%%
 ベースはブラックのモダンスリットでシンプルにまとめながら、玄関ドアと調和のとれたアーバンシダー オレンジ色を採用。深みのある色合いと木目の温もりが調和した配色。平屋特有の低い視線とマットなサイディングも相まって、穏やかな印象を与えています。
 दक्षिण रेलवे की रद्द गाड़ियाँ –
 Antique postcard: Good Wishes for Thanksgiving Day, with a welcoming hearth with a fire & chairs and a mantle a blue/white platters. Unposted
%%
%%
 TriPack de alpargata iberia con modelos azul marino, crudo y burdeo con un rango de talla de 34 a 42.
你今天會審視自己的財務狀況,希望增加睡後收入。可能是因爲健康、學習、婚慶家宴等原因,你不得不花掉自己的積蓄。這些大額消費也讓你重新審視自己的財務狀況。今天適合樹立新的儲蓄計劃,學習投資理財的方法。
%%
HOW TO COMPLETE THIS TASK :: What you return must be the lines above that run from the line with "ベースはブラックのモダンスリ" to the line with "Antique postcard: Good", inclusive, each copied exactly.

RESULT OF THE EXERCISE ::
 ベースはブラックのモダンスリットでシンプルにまとめながら、玄関ドアと調和のとれたアーバンシダー オレンジ色を採用。深みのある色合いと木目の温もりが調和した配色。平屋特有の低い視線とマットなサイディングも相まって、穏やかな印象を与えています。
 दक्षिण रेलवे की रद्द गाड़ियाँ –
 Antique postcard: Good Wishes for Thanksgiving Day, with a welcoming hearth with a fire & chairs and a mantle a blue/white platters. Unposted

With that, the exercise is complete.